A stunning ‘sky habitat’ for Singapore by Safdie Architects will offer a swimmable skybridge on the 38th and final story between two high-density housing towers. The terraced towers offer private outdoor spaces as well as additional, lower skybridges with shared green space.

Kingdom Centre Skybridge, Saudi Arabia


The 99-story Kingdom Center is the second-tallest skyscraper in Saudi Arabia, featuring the Four Seasons Hotel Riyadh and high-end apartments as well as a 184-foot-skybridge at the very top. The steel structure weighs about 300 tons and is 918 meters (3,011 feet) above sea level, looking out over the city.

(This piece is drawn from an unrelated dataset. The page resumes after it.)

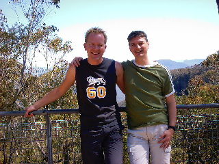 Om 06:30 ging de wekker om een trip te maken naar de Blue Mountains. Met een bus vol nichten en potten, onder bezielende leiding van Colin. Het was Colin's 2e tour maar met die nichtenhumor lagen we constant in een deuk. René had kennelijk te weinig slaap gehad want die dutte steeds weg en miste dus de spannende uitleg over de Blue Mountains. De eerste stop was bij een geweldig uitzicht over de australische Grand Canyon. Er was veel lawaai van een insekt dat 7 jaar onder de grond zit en 2 weken boven de grond. Hij gaat in die 2 weken snel paren om daarna dood te gaan. Waarom ze dit lawaai maken kan alleen maar zijn om de toeristen te pesten, volgens de gids. Dan weer snel op weg naar een mijnwerkersplaatsje in de bergen. Met een treintje over een oud railtje 52 graden afdalen door een smalle donkere rotsschacht richting een regenbos.

Elevated Circular Pedestrian Bridge, China


The Lujiazui Pedestrian Bridge elevates foot traffic above the chaos of a busy intersection in the Pudong district of Shanghai, China. While it’s only elevated 20 feet over the street, it provides a safe and leisurely route and a spot from which to enjoy various views of the immediate surroundings.

Davenport Skybridge, Iowa


A pedestrian cable-stayed bridge spans a busy road in downtown Davenport, Iowa, connecting a park and a casino to a courtyard and parking ramp. 50 feet tall and 575 feet long, the bridge serves as an observation deck with a view of the Mississippi River, the Centennial Bridge, and the Davenport Levee, which hosts festivals during the warmer months. It’s outfitted with kaleidoscope lighting including 228 LED fixtures and 8,036 individual lights capable of displaying various patterns.

The Sky Table, Russia


This concept serves as a sort of bridge to nowhere, an elevated structure soaring above the shorter city blocks on four colossal columns. It’s largely self-sustaining, including a recycling plant, solar panels and wind turbines as well as gardens. Though it would certainly cast some serious shadows on street life below, the idea is that it could be built above areas that are no longer suitable for inhabitation.

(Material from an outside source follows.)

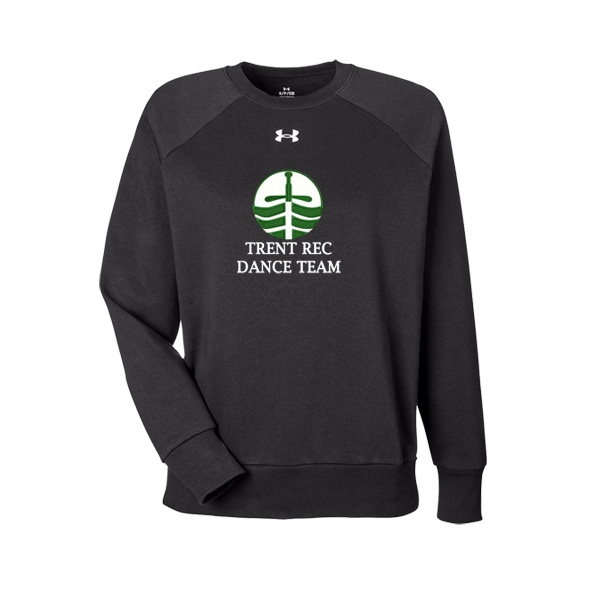 The Women’s Under Armour Rival Fleece Crew is black and includes a full front embroidered twill applique logo. This product can be personalized with a name on the right sleeve. Personalization cost is $8.50.

Skyscraper Bridge to Unify the Korean Peninsula


Could a building like this help reconnect the two Koreas? A skyscraper-bridge envisioned by Korean architects Kim Sehyeon, Lee jung Boram and Choung Yongsu aims to provide a link over the Demilitarized Zone of the Korean Peninsula, a 2.5-mile-wide buffer that has become one of the world’s most pristine ecological environments over the 50 years since it was established. The skybridge would contribute to a reconciliation dialogue and be filled with research labs, offices and meeting halls.